Un millón de catacos
Encandilado por el resplandor de una ola llena de catacos golpeando contra las rocas, te descubrí jugueteando con dos machos, los hacías pelear por ti.
Dirigías una obra basada en los preliminares del apareamiento humano, seguramente inspirada en algún documental de las grandes aves del sur polar, desplegabas los brazos como queriendo volar y nadar a la vez.
Eras bella y la piel te quedaba estrecha, aún no te daba pena usar traje de baño. Me perdí el final de esa obra. Estaba de pesca en un mar que arrojaba su exceso de catacos contra las piedras.

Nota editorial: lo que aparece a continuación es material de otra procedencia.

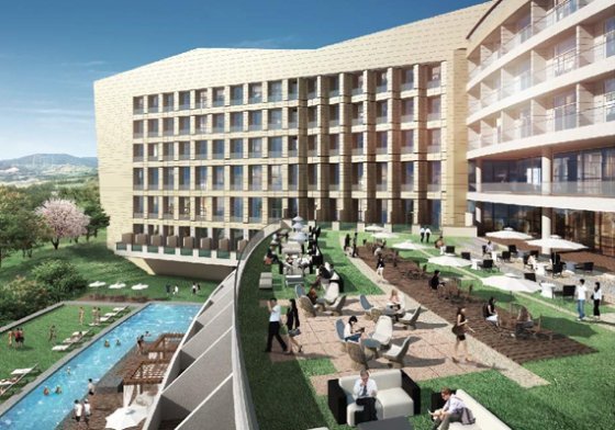 라마다 평창 호텔&스위트 조감도.대지 3만6296m², 연면적 5만1649m², 지하 3층∼지상 4층의 초대형 규모로 지어지는 라마다 평창 호텔&스위트는 넉넉한 공간을 갖춘 복층형 객실 644실, 테라스 풀빌라 34실 등 총 678실로 이뤄져 있다.
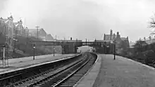 The original station had four platforms. The main building with booking office and parcels office was located on the west side of the railway and the platforms were linked by a raised footbridge.
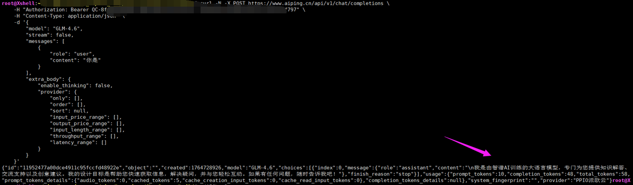 -d '{"model": "GLM-4.6","stream": true,"messages": [{"role": "user","content": "Hello"}],"extra_body": {"enable_thinking": false,"provider": {"only": [],
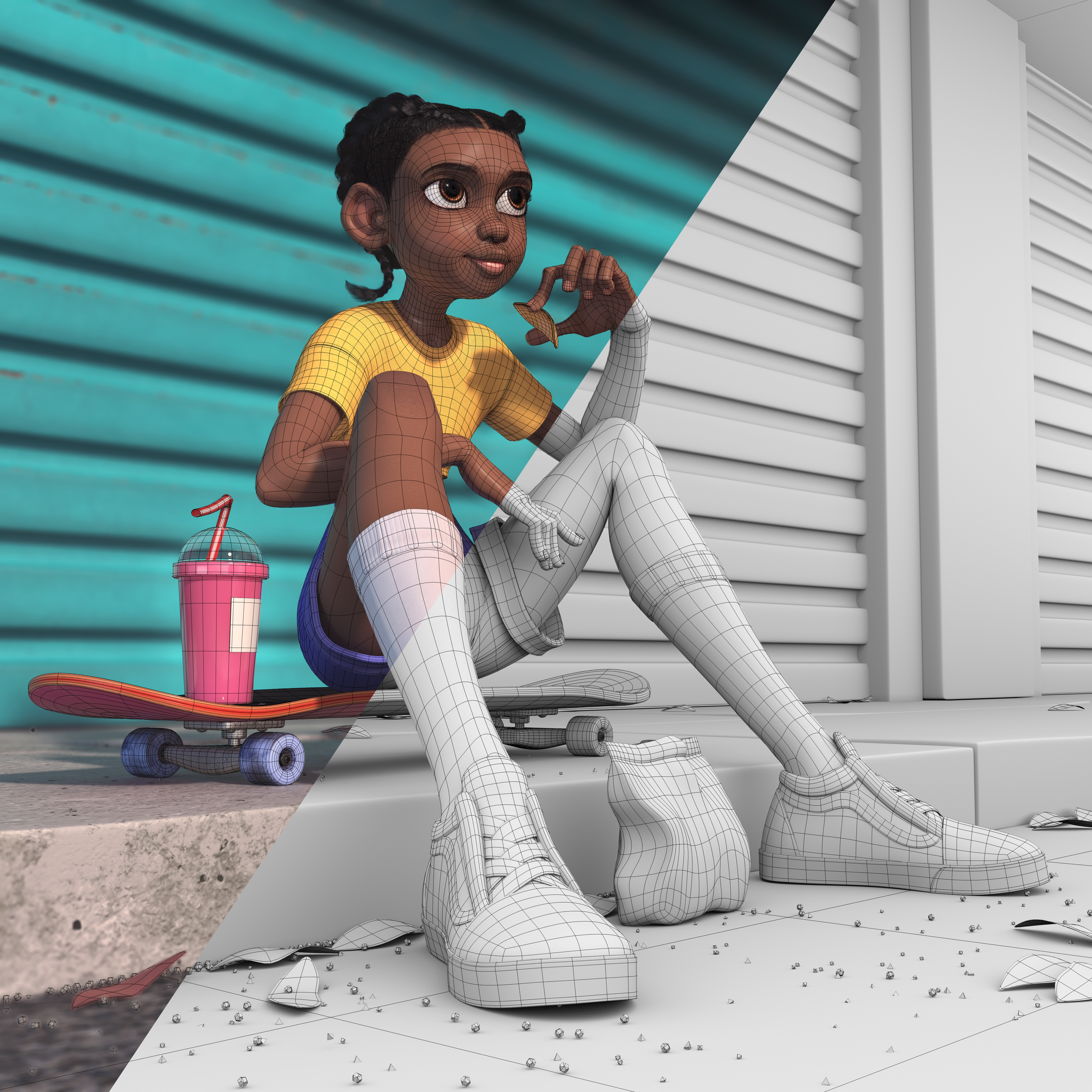 Props ( skateboard, cup and chips) modeled by Yusuff Abdurrahman https://yusuff_abdurrahman.artstation.com and textured by me.

Solo ayer te volví a ver, que vieja eres, la piel te queda más grande que nunca. Vuelvo a quedar fascinado con tu perversa manera de ser. La sonrisa de tus colmillos tiene una eficacia calma y refinada. Eres bella, hueles bien y debes saber rico.
Se nota de lejos que sabes proporcionarte placer y comodidad, animal y civilizadamente me vuelves a tener a tus pies.
Pero vuelvo a estar ocupado otra vez. Ahora busco reflejos de pájaros en los vidrios ahumados de los edificios de oficinas y hago un censo de guacamayos solitarios y de zamuros que vuelan alto.
Vivimos cerca y estoy seguro de otros encuentros más o menos pronto. A pesar de saber que no me convienes y que nunca te ganaré, espero una oportunidad de ganarte en una playa solitaria, una de esas noches en las que el océano vomita sus monstruos, mientras un millón de tenazas de cangrejos cortan los cables que transmiten las señales del resto del universo.
Por ahora bostezo oyéndote hablar de dietas, la elemental urbanidad en la ropa a llevar en la playa y tus preferencias culinarias.
No es coincidencia que te haya llamado mi morsita en vez de mi amorcito, mientras un último pájaro solitario se deslizaba entre el reflejo dorado de los edificios, antes de que lo alcanzaran la noche y sus ciudadanos espantos.